The old Doctor nodded, then looked down at Rose again, but seemed unsure of what to say. Rose wasn't sure either, so she said the only thing that came to mind, "It's Mickey, you big dummy!" and she launched herself onto him in a massive hug, clinging to him like the last memory of a friend. She supposed in a way he was. This would likely be her last chance to see him as she's known him first. The war torn soldier who had needed her help to remind himself why the universe was beautiful. He had saved her in so many ways, and she had saved him too. And she knew what it was she needed to say.

Rose pulled away and looked him straight in the eye, "I know it hasn't happened for you yet, and I'll try not to give anything away, but you never gave me the chance to say goodbye. I know for you regeneration isn't dying, but so much changed that for me it felt like you had died. There was no way to mourn, either; the person that I knew just disappeared. I understand better now. But I still need to say this. Goodbye, Doctor. Thank you." She reached up on her tiptoes and kissed his forehead gently.

Then she turned to the new Doctor, taking his hand. Both Doctors stood silently. The old Doctor was confused; he broke the silence first, "Rose Tyler, there was never any reason to mourn."

The new Doctor squeezed her hand, and she smiled for them both, though she didn't quite understand. Then she broke the moment, "Right, Doctor, you have a dinner date to get to, and we have a universe to explore! Till the next time?"

She had meant it as a formality, but he smiled, "Always."

Rose and her Doctor turned away from the figure who was more memory than man.
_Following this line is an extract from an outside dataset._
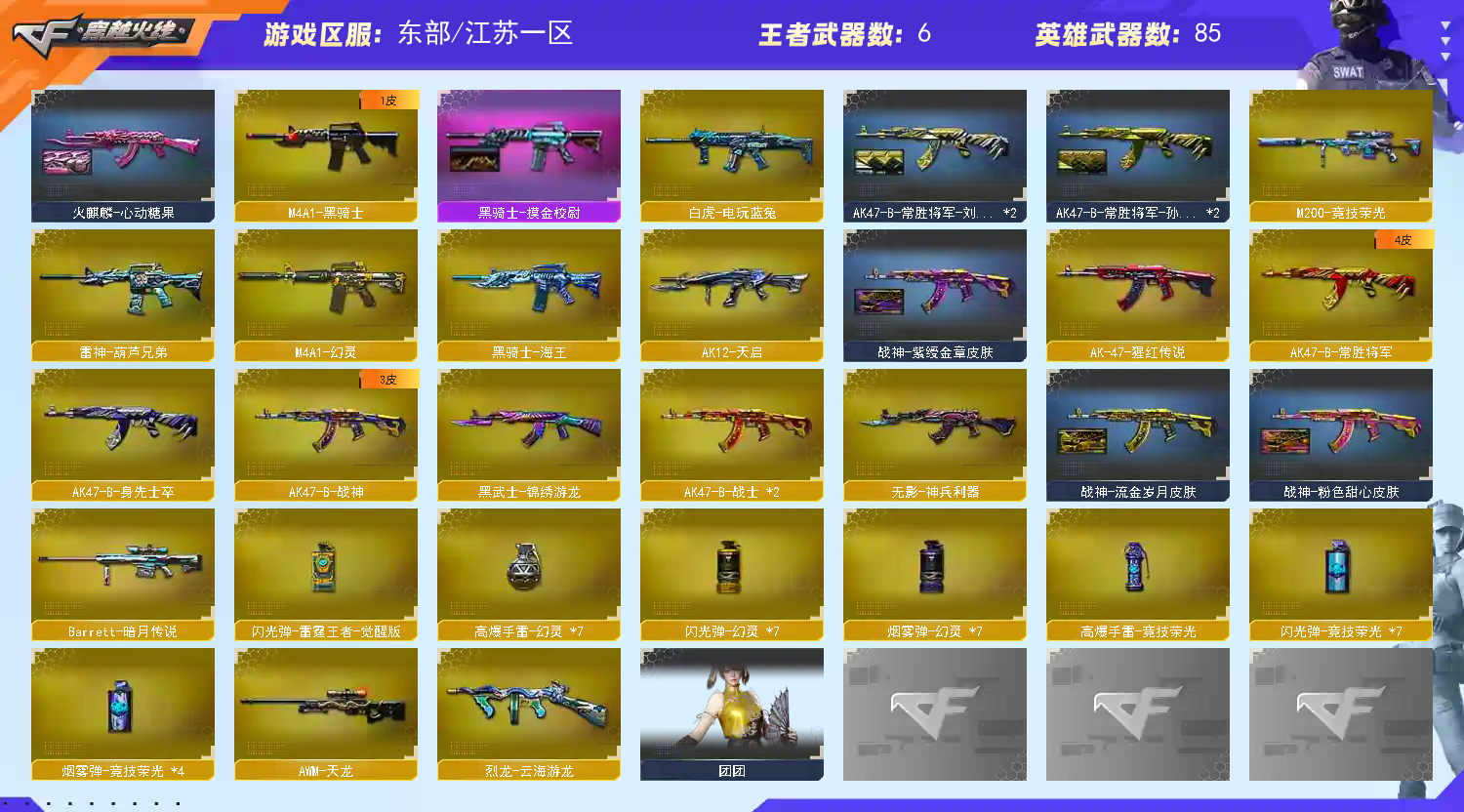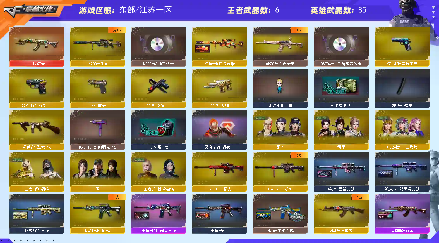 东部极品小号 【重要套装】幻灵套装/竞技荣光套装 【重要角色】_零/_影豹/电竞教官-云悠悠/司雨/蛇隐宗/蛇姬/王者-葵-貂蝉/王者葵-惊若翩鸿/幽/职业选手/云海玲珑 【传说武器】传说辉光 【英雄武器】_M200-幻神/M200-竞技荣光/Barrett-毁灭/Barrett-极光/Barrett-暗月传说/AWM-天龙/M4A1-雷神(3)/雷神-葫芦兄弟/M4A1-黑骑士/黑骑士-海王/M4A1-幻灵/白虎-电玩蓝兔/AK12-天启/AK47-火麒麟/无影-神兵利器/AK-47-猩红传说/AK47-B-身先士卒/AK47-B-常胜将军/AK47-B-战士(2)/AK47-B-战神/QBZ03-金色蔷薇/汤姆逊-烈龙(6)/COP 357-幻灵(2)/沙鹰-天神/沙鹰-修罗(4)/柯尔特-竞技荣光/USP-雷暴/王者之啸-觉醒版(2)/擎天-竞技荣光/王者之击-觉醒版/屠龙/幻灵之锋/高爆手雷-幻灵(7)/高爆手雷-竞技荣光/烟雾弹-幻灵(7)/烟雾弹-竞技荣光(4)/闪光弹-幻灵(7)/闪光弹-竞技荣光(7)/闪光弹-雷霆王者-觉醒版/超新星-热带奇洋/黑武士-锦绣游龙/烈龙-云海游龙/龙啸-热带奇洋/擎天-云海游龙/龙啸-烈火龙威/手雷-热带奇洋/手雷-云海游龙 【王者武器】 【小人枪】HK417-朱雀-蛇隐宗/雷神-小红/AWM-灵狐-15周年嘉年华(2)/真的是手枪/夺魂/迷你波特博士/迷你牛牛/生化手雷-小钢(2)/生化手雷-机甲核心/疾爆手雷-河马/深渊终结者手雷 【其他重要武器】激光毁灭者III/冰龙粉碎者-白马银枪/机甲撕裂者III/M4A1-秘银赤龙/M4A1-Guitar 炫彩/AK-47-二次元/M14EBR-炎龙/M4A1-S-十周年会/M4A1-战龙/黄金AK-47/红龙AK47/百城AK47/雷神-赛博幻想/M4A1-樱/QBZ03-吕布/雷神-赛博朋克/海浪AK47-Q浏览器/黄金AWM(2)/AWM-银月(2)/AWM-Red(2)/雷蛇AWM(2)/M200-圣诞/破天狂龙/破天九龙/M200-枪王排位/AWM-蓝水晶/Barrett-战龙/暗金AWM/暗金M200/AWM-Pink/百城AWM/M82A1-飞龙在天/AWM-T/AWM-深海猎手/M82A1-红龙/末日裁决者(2)/阿梅利轻机枪-暗夜风暴/EVO III-赤血龙魂(2)/斯泰尔-巧克力/CPW-动力-潘多拉/神圣爆裂者-末日/神圣爆裂者/Spas-12-幻能朋克/Spas-12-黑金/SPAS-12-雷电核心/修罗-年鹏/愤怒公牛左轮-枪王排位/蟒蛇-炫彩/COLT 1911-雷唤苍龙(2)/Anaconda-雷电核心/沙鹰-枪王排位/幻影Anaconda-枪王排位/幻影沙鹰-枪王排位(2)/MAC-10-幻能朋克(2)/沙鹰-青龙/新USP-枪王排位奖励(3)/COP 357-青龙/金刚伞-电玩红兔/军用铁锹-飞龙在天/收割者-枪王排位/军用铁锹-丹龙/虹光丛林匕首-枪王排位(2)/尼泊尔军刀-战龙(2)/幻影扳手-枪王排位/虹光鹰爪-枪王排位/啸天/魔能镰刀/无畏之矛/荣耀之证-枪王之王/蝴蝶刀-枪王排位/猫猫手套/虹光女皇利刃-枪王排位/幻影双斧-枪王排位/胜利奖杯手雷-枪王排位 【重要武器皮肤】幻神-纸灯龙皮肤/毁灭耀金皮肤/毁灭-墨兰皮肤/毁灭-神秘黑洞皮肤/毁灭-青帝皮肤/火麒麟-CFSTAR/火麒麟-心动糖果/火麒麟-百城/无影-能量核心/AK47-B-常胜将军-刘备/AK47-B-常胜将军-孙权/AK-47-雷神/雷神-源计划2.0专属 皮肤/雷神-荣耀之魄/雷神-暗月/雷神-机甲刑天皮肤/黑骑士-摸金校尉/战神-流金岁月皮肤/战神-紫绶金章皮肤/战神-粉色甜心皮肤/修罗-CFSTAR 【重要光效】M4A1-雷神金色光效/炼狱-悦蓝金色光效/王者之光金色光效/王者之幻金色光效/王者之魂金色光效/M4A1-雷神蓝粉色光效/Barrett-极光红绿光效/Barrett-毁灭红绿色光效/M4A1-雷神红绿光效/M4A1-黑骑士-红绿光效/M200-幻神紫橙光效/M4A1-雷神紫橙光效/AK47-火麒麟紫色光效/AK47-火麒麟绿色光效/M4A1-雷神绿色光效/屠龙蓝粉色光效/龙啸-水墨光效 【重要音效卡】AN94-超新星-热带奇洋音效卡/M200-幻神音效卡/QBZ03-金色蔷薇音效卡 【重要戒指】8周年戒2/15周年限定戒指/龙眼(死神)/龙眼(鹰)/18赛季纪念戒指-耀金/20赛季纪念戒指-耀金/21赛季纪念戒指-耀银(拇指)/22赛季纪念戒指-耀银(拇指)/23赛季纪念戒指-耀银(拇指)/23赛季纪念戒指-耀银(食指) /24赛季纪念戒指-耀银(食指) /24赛季纪念戒指-耀银(拇指)/25赛季纪念戒指-耀银(食指)/25赛季纪念戒指-耀银(拇指);USP-雷暴,电竞教官-云悠悠,QBZ03-金色蔷薇,M200-幻神,

Rose let her mind tuck the memory away, and found that she thought of him not as a friend she had lost, but as a friend who had changed. Suddenly she understood. He hadn't died. He was still a part of the man who was holding her hand. Rose gazed up at the Doctor, seeing the echo of the man that was in the corners of his eyes. She grinned at him, "Hello again."

They strode towards the correct TARDIS, breaking into a run as it came into view. Running was second nature to her now. Sprinting headlong towards the TARDIS, hand in hand with the Doctor, towards the next adventure – there was no better place to be.